Note that it uses __the same update parameters as__ qlearning so you can use the ```play_and_train``` function from q-learning.

Please try both constant epsilon = 0.25 and decreasing epsilon.

In [None]:
<your code here>

## 4.2 EV-sarsa on CartPole

Now train the `EVSarsaAgent` on CartPole-v0 env with binarizer you used above for Q-learning.

In [None]:
env = <make env and wrap it with binarizer>

agent = <your code>

In [None]:
<train me>

# 5. Massive experiments (3 pts)

This is the final part of the homework. You can pick any of the 3 tasks listed below. Or take more that one and get score for each of them independently.

_If you feel to cool for this kind of school, see bonus section below - it awwards just as much points_

###  Algorithm comparison 


For this experiment, you will need to write the code to answer to compare algorithm performance and produce plots/tables with experimental results that can be used to compare them.

Take CartPole or Taxi and compare learning performance of those algoritms
* Q-learning
* Q-learning with Experience Replay
* EV-sarsa 
* EV-sarsa with Experience Replay

Under those conditions:

* Constant epsilon 0.25, 0.1 and 0.001
* Decreasing epsilong starting from 0.25 (decrease any way you want)
* It's probably a good idea to plot learning curves (reward / games played)
* At the end of your assignment, please describe in which conditions does each algorithm work better (if at all).

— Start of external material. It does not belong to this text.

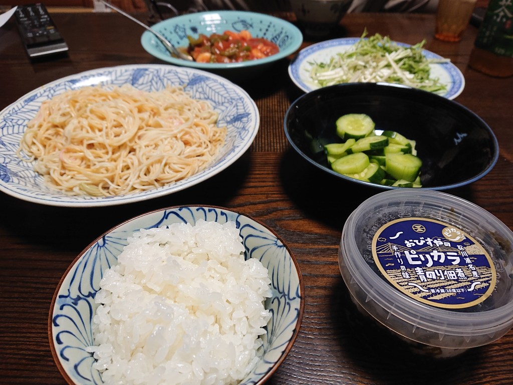 昨日の夕食は、ごはんの他に、残り物のそうめんを食べました。

* It's also useful to double-check if experiment results are robust to re-running and if they aren't - average over several runs.
* If you use CartPole-v0, use same binarization techniques.

It is __highly recommended__ that your code automatically builds the plot or prints the table.

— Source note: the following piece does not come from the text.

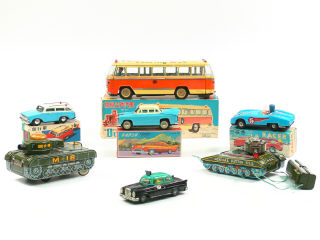 longueur 16 cm - moteur à friction (fonctionne) - avec bruiteur - manque un enjoliveur de roue - petites retouches d'usine - légères traces d'oxydation

A creative approach to visualization or trying out more ideas will be awwarded with bonus points.


### Bonus I: Advanced algorithms (4+ points)

Implement any of the three algorithms:
* n-step expected value SARSA or Q-learning
* EV-SARSA or Q-learning( using eligibility traces aka TD(lambda)
* q-learning with experience replay

_(you will likely need to create a new file for that, just like qlearning.py)_

* Show that this algorithm works no worse than those we already implemented for simple problems. 
* Try to find a way to learn faster than with default q-learning.

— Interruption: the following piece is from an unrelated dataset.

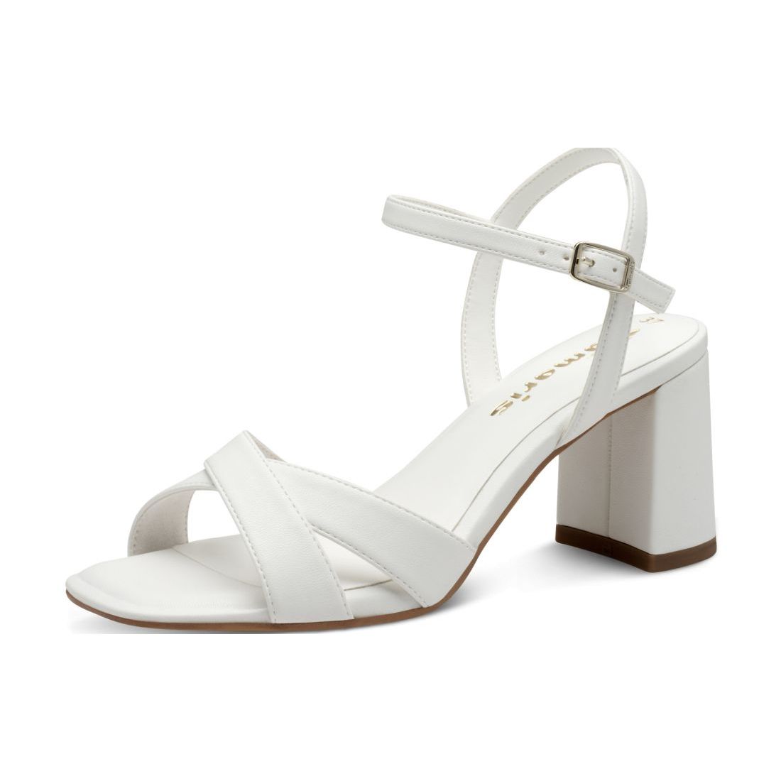 Detailní informace Elegantní dámské sandály Tamaris v bílé barvě, se kterými zazáříte při každé příležitosti. Dva překřížené přední pásky a jemné nastavitelné pásky kolem kotníku nechají vyniknout krásu Vašich nohou. Vše umocňuje nádherně potažený, stabilní podpatek. O pohodlí a bezpečnost při každém kroku se postará příjemně měkká Touch-it stélka a protiskluzný prvek v podpatku s technologií AntiSlide.

You will also get +2 points for each algorithm implemented after the first one and any other awesomeness you're up to.


### Bonus II: Binarization techniques (4+ points total)

Measure how learning performance depends on binarization and try some advanced binarizations.

On CartPole-v0,
* Measure learning speed and final performance against changing the amount of bins (uniformly across all dimensions) __(1 point)__
* Try pre-processing observation with PCA, SparseCoding or any dimensionality reduction method you want, see what happens __(1 point)__

* Apply binarization to solve MountainCar-v0 or LunarLander-v2 __(+2 points each)__

_Warning, Mountaincar-v0 and LunarLander-v2 may train for ~hour. The only sanity check is that the frequency of successes more or less increases._


### Bonus II+

Try applying categorical deep autoencoder as a binarization technique.

Use gumbel-softmax, 
* Explaination and [tutorial](http://blog.evjang.com/2016/11/tutorial-categorical-variational.html), 
* [Example in lasagne](https://gist.github.com/justheuristic/fd08c15dee26dbe95d3e3a17855f3f7a/)

* If you make it work on Cartpole, it's +5. 
* If on LunarLander or MountainCar, it's +5 more.
* If it somehow ends up good on Atari (see week1 homework) or BipedalWalker-v2 or anything serious, it's a full project ( more pts :) )
* If you have any questions or need any help, feel free to ask us!